Here is a thing about RISC-V hypervisors that nobody tells you. The hypervisor extension is twenty CSRs. Not twenty new instructions. Not a separate root privilege level. Not a microcode blob you have to reverse. Twenty configuration registers. You read the spec in an afternoon and then you know the whole thing. Try that with VMX.
Every time I tell someone the H-extension is simple, they assume I mean "simple compared to x86" which is like saying your apartment is clean compared to a landfill. No. I mean it is genuinely, architecturally simple. The spec chapter is forty pages and half of that is register diagrams.
Let me help u walk through it from the bottom up. If you know RISC-V page tables already, skip the first section. If you don't, I am going to explain them in a way that makes the two-stage stuff easy
What You Need To Know First
RISC-V has three privilege levels. M-mode is the firmware, the thing that runs before anything else. S-mode is your kernel. U-mode is your userspace. When U-mode needs to do something it cannot, it traps to S-mode. When S-mode needs to do something it cannot, it traps to M-mode. This is a stack btw
A hypervisor lets you run an entire OS inside another OS. The outer OS (or a thin shim) becomes the hypervisor. The inner OS is the "guest." The guest thinks it owns the hardware. The hypervisor decides what the guest actually gets.
The H-extension adds two virtual privilege levels: VS-mode (where the guest kernel runs) and VU-mode (where the guest's user processes run). To the guest, VS-mode looks exactly like S-mode. Same CSRs, same trap mechanism, same page tables. The hypervisor lives in HS-mode, which is S-mode with access to the H CSRs.
A CSR is how you talk to the CPU. Page table
pointer goes in
satp. Interrupt handler address
goes in stvec. Trap cause goes in
scause. The H-extension adds new
CSRs for the hypervisor's page table pointer,
fault information, and the bits that control
what traps to you
A trap is the CPU saving state and jumping to a
handler.
sret goes back. One bit in
hstatus changes whether
sret returns to a guest or returns
to a normal S-mode process. That bit is
literally all that separates "return to kernel"
from "return to guest kernel."
The Page Table You Already Know (Sv39)
Before we get to two-stage, we need to understand what one-stage looks like. RISC-V uses a radix-tree page table called Sv39. The virtual address is 39 bits, broken into four pieces:
38 30 29 21 20 12 11 0 +----------+----------+----------+----------+ | VPN[2] | VPN[1] | VPN[0] | offset | +----------+----------+----------+----------+ 9 bits 9 bits 9 bits 12 bits
The MMU starts at the page table root, pointed
to by
satp.ppn shifted left 12 bits
(because page tables are page-aligned). It
indexes into level 2 using VPN[2], reads a PTE
(Page Table Entry, 8 bytes). If the PTE has the
V bit set and the R, W, or X bits set, it is a
leaf, stop here, you found your physical page.

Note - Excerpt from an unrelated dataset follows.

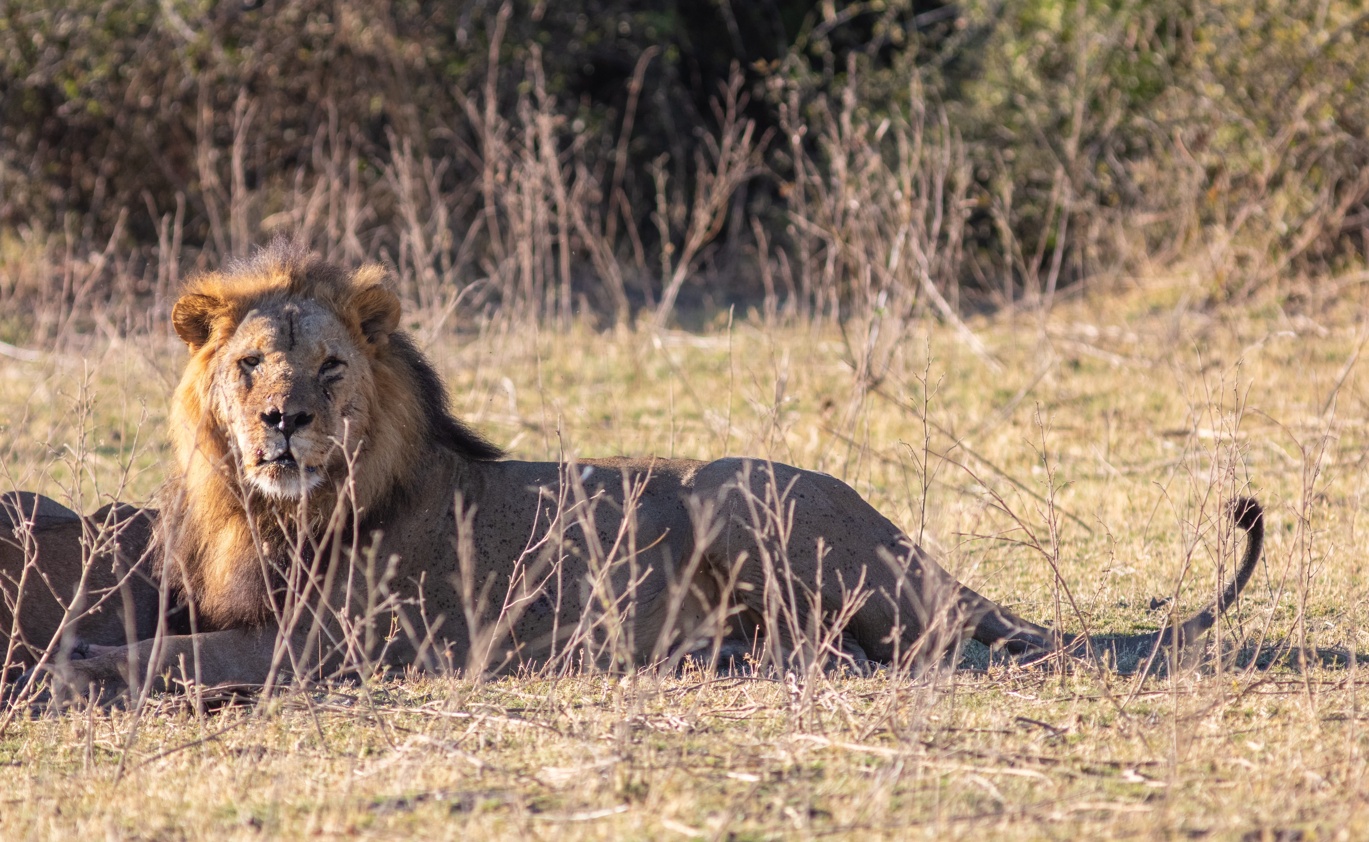 Lion (Panthera leo), Chobe National Park, Botswana

If not, the PPN field points to the next level
and you repeat with VPN[1], then VPN[0].
A PTE on RV64 looks like this:
bit 63 62 61 60 . 10 9 8 7 6 5 4 3 2 1 0 field [RSV] [PBMT] [ PPN[2..0] ] RSW D A G U X W R V
V is the valid bit. R, W, X are permission bits (read, write, execute). U means user-accessible. G means global (all address spaces). A and D are the accessed and dirty flags, set by the hardware on first access and first write respectively. PPN is the physical page number. If you write a PTE without setting A and the hardware has A-bit updates enabled, the MMU will fault on first access so software can set it.
That is Sv39. Standard issue. Your kernel already implements this. Good. Now here is where it gets interesting and pay attention !

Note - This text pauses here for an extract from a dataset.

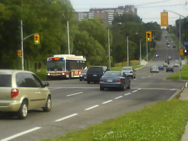 Southbound view of Markham Road near Cedarbrae Collegiate Institute in Toronto, Canada.

Two-Stage Translation: The Actual Algorithm
In a virtualized system, there are two levels of
page table. Stage one maps guest virtual
addresses to guest physical addresses, using
vsatp instead of satp.
Stage two maps guest physical addresses to
machine physical addresses, using
hgatp. The guest manages stage one.
The hypervisor manages stage two.
The MMU does not stop after stage one. It walks stage one, gets a GPA, then immediately walks stage two to get the final machine address. The entire operation is a single hardware walk. The hypervisor never gets involved during translation.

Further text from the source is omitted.